This Article is From Sep 13, 2016

1 Dead In Police Firing In Bengaluru During Protests Over Cauvery Dispute

Cauvery issue: Bengaluru saw protests and vandalism on streets, prohibitory orders imposed


  • Huge protests in Karnataka after modified court order on Cauvery water
  • Supreme Court orders Karnataka to release less water, but for more days
  • Karnataka Chief Minister writes to Tamil Nadu Chief Minister Jayalalithaa
Bengaluru: One person died and another received injuries after police opened fire on protesters in Bengaluru's Rajgopalnagar area on Monday evening. Arson and vandalism was seen on the streets of Bengaluru and on a highway to Mysuru as anger boiled over on a Supreme Court order that meant that Karnataka would have to release more water from the river Cauvery to neighbor Tamil Nadu. Some 15,000 policemen have been posted across the IT city.

Here are 10 developments in the story:

  1. Mobs burnt Tamil Nadu-registered trucks and buses on the roads and vandalized shops in the city. An NDTV team saw about two dozen buses being set on fire at a bus depot around 17 km from Bengaluru. "We will give blood but not Cauvery," screamed slogan shouting protesters.

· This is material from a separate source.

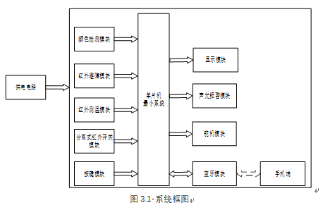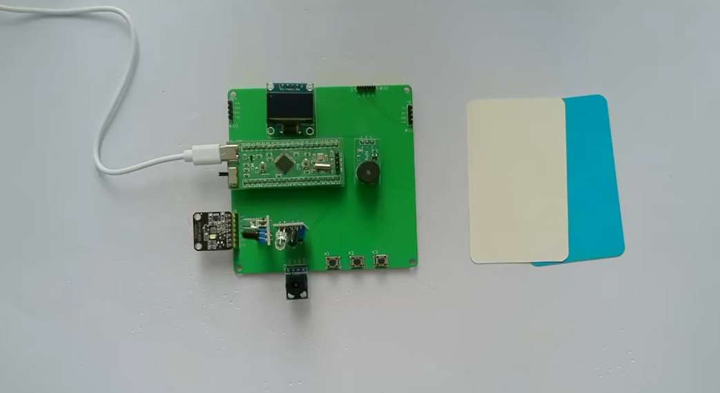1、通过颜色传感器识别口罩颜色(蓝色、白色)配合红外避障管检测人是否佩戴口罩,如果监测到未带口罩,声光报警提醒

  2. The state's Congress government and the police appeared to be severely challenged by the scale of protests and the damage to public property. Images showed young men turning over an Innova car and wrecking it using rods, and throwing stones at shops. The Supreme Court had earlier said on protests in Karnataka: "Citizens cannot become a law unto themselves."

  3. In the evening, large gatherings were banned in Bengaluru as a precaution. Most schools and colleges and some offices were closed early and metro services were briefly stopped.

  4. The court had this morning modified an earlier order and said Karnataka has to release less water to Tamil Nadu, but for five more days. Karnataka, which will end up giving more water, urged a review but the court refused.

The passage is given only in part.